Mitigation Strategies:
- Validate all user inputs with allowlists rather than blocklists
- Apply output encoding (e.g., converting < and > into safe HTML entities)
- Use prepared statements, parameterized queries, or stored procedures
- Sanitize inputs for AI/ML models and implement prompt validation
- Follow secure coding guidelines built into modern frameworks and languages
4. Insecure Design
Risk Level: High
Insecure design highlights fundamental flaws in application architecture and design patterns. In today’s accelerated development cycles, rushed architectural decisions often introduce weaknesses that cannot be fixed later with simple implementation changes. Unlike security misconfigurations, this category focuses on systemic design issues rather than technical setup mistakes.
Common Issues: insufficient threat modeling, overly permissive API structures, and weak validation of business logic.
Mitigation Strategies:
- Incorporate threat modeling early in the design phase
- Follow security‑by‑design principles and proven secure design patterns
- Conduct regular architecture reviews using established frameworks
- Apply least privilege principles to all design decisions
- Standardize secure design guidelines and enforce review processes
5. Security Misconfiguration
Risk Level: High
Security misconfiguration happens when systems are not properly secured, maintained, or monitored. In 2025, the complexity of cloud services, container orchestration, and large‑scale integrations has made misconfigurations a widespread threat.
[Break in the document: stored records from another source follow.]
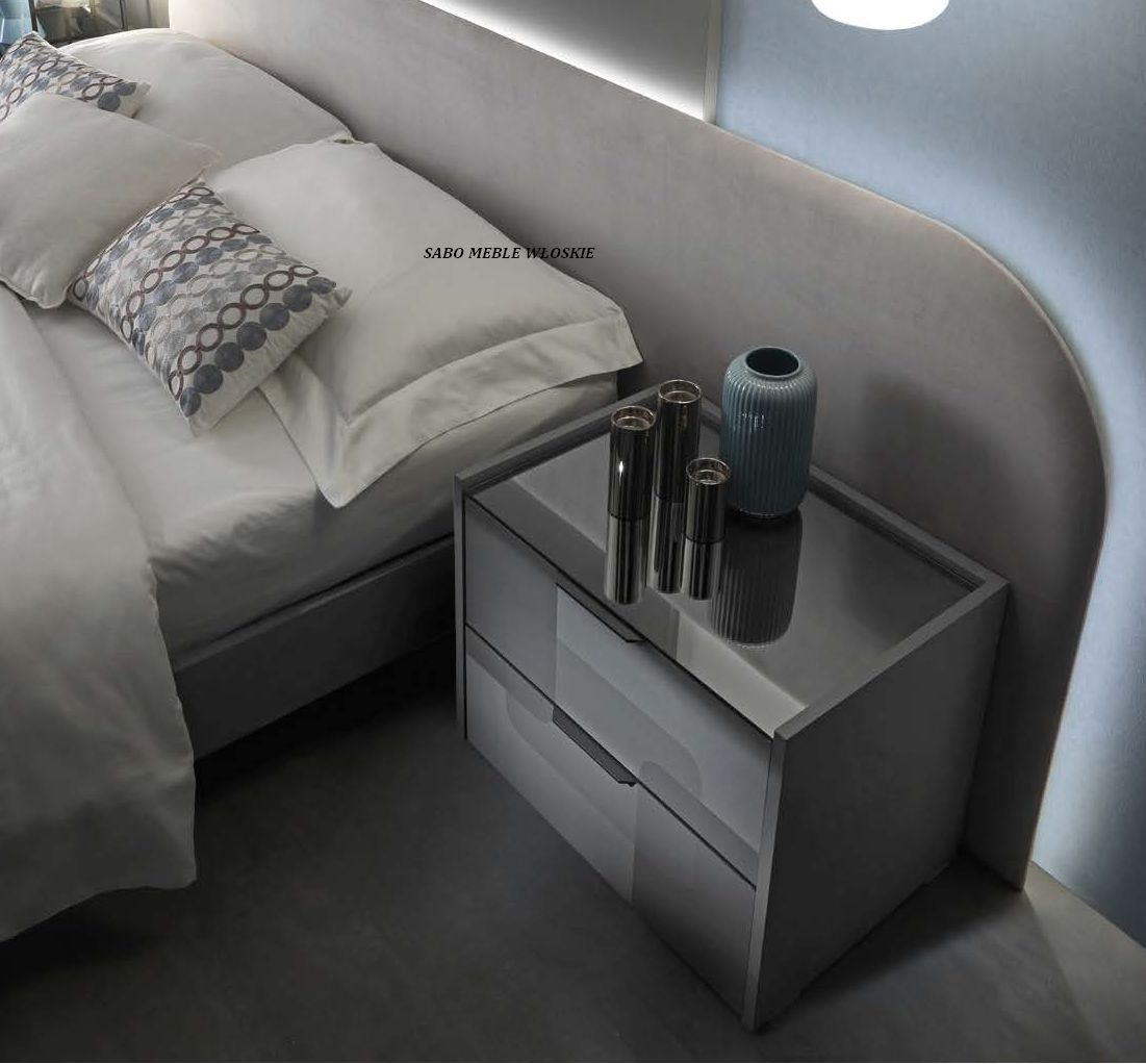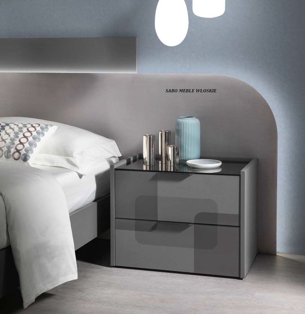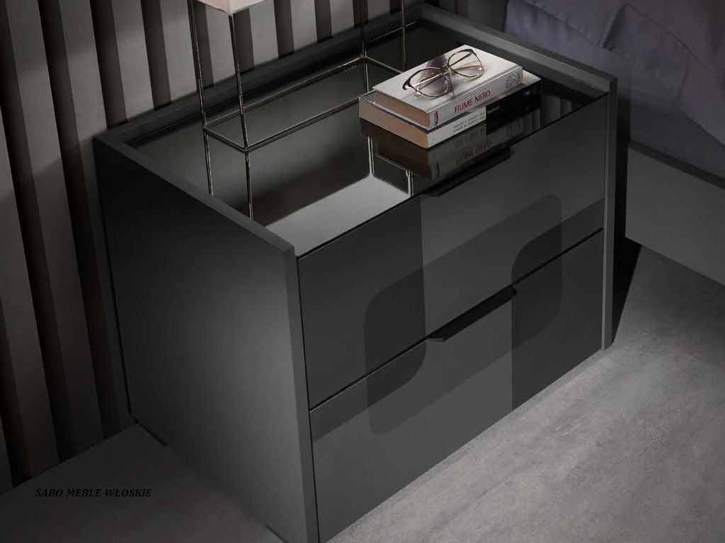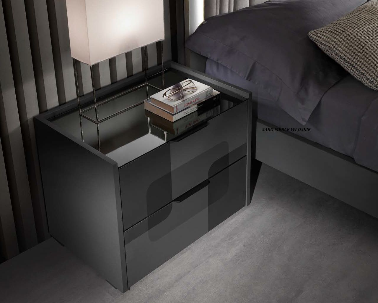 Komody i szafki nocne posiadają blat lustrzany przyciemniony a szuflady wyposażone są
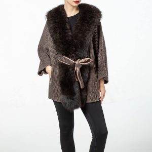 This beige cable knit sweater is a unique blend of classic comfort and contemporary style. Featuring chunky, textured knitting and soft, feathery fur accents along one side and the sleeves, it offers both warmth and eye-catching appeal. The relaxed fit and round neckline ensure all-day comfort, while the contrasting textures create a chic, fashion-forward look.
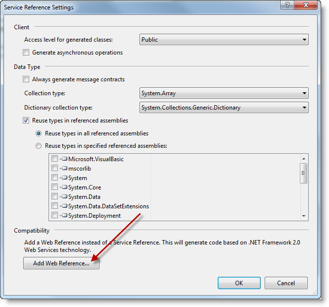The Service Reference Settings screen appears. Click Add Web Reference.

Typical Examples: exposed cloud storage, default credentials left active, overly permissive Cross‑Origin Resource Sharing (CORS) policies, and unnecessary services enabled in production environments.
Mitigation Strategies:
- Use infrastructure‑as‑code with predefined security baselines
- Perform frequent security audits and automated configuration scans
- Leverage configuration management tools with integrated security controls
- Configure CORS properly for API endpoints
- Adopt hardening guides and enforce secure configuration standards
6. Vulnerable and Outdated Components
Risk Level: High
Formerly known as “Using Components with Known Vulnerabilities,” this risk involves using outdated libraries, frameworks, or dependencies with security flaws. With AI speeding up code reuse and increasing dependency chains in 2025, the risk has escalated. Supply chain attacks targeting widely used libraries make this category especially dangerous.
Mitigation Strategies:
- Maintain a Software Bill of Materials (SBOM) to track dependencies
- Use security scanners and automated tools like Dependabot to detect vulnerabilities
- Integrate automated dependency scanning into CI/CD pipelines
- Apply timely patches and conduct regular security assessments
- Consider private package repositories for critical dependencies
7. Identification and Authentication Failures
Risk Level: High
This category covers weaknesses in authentication mechanisms, where attackers exploit flaws to steal credentials, hijack sessions, or impersonate users. In 2025, common tactics include credential stuffing, password spraying, and advanced session hijacking.
Mitigation Strategies:
- Enforce multi‑factor authentication across critical systems
- Use secure session management with proper timeouts and token handling
- Apply rate limiting and lockout policies to stop brute force attempts
- Monitor authentication activity for anomalies and use adaptive authentication
- Enforce strong password policies or adopt passwordless authentication methods
8. Software and Data Integrity Failures
Risk Level: Medium‑High
This category addresses attacks targeting software supply chains, unauthorized code changes, and compromised CI/CD pipelines. Unlike traditional malware, these breaches often exploit legitimate update or deployment processes.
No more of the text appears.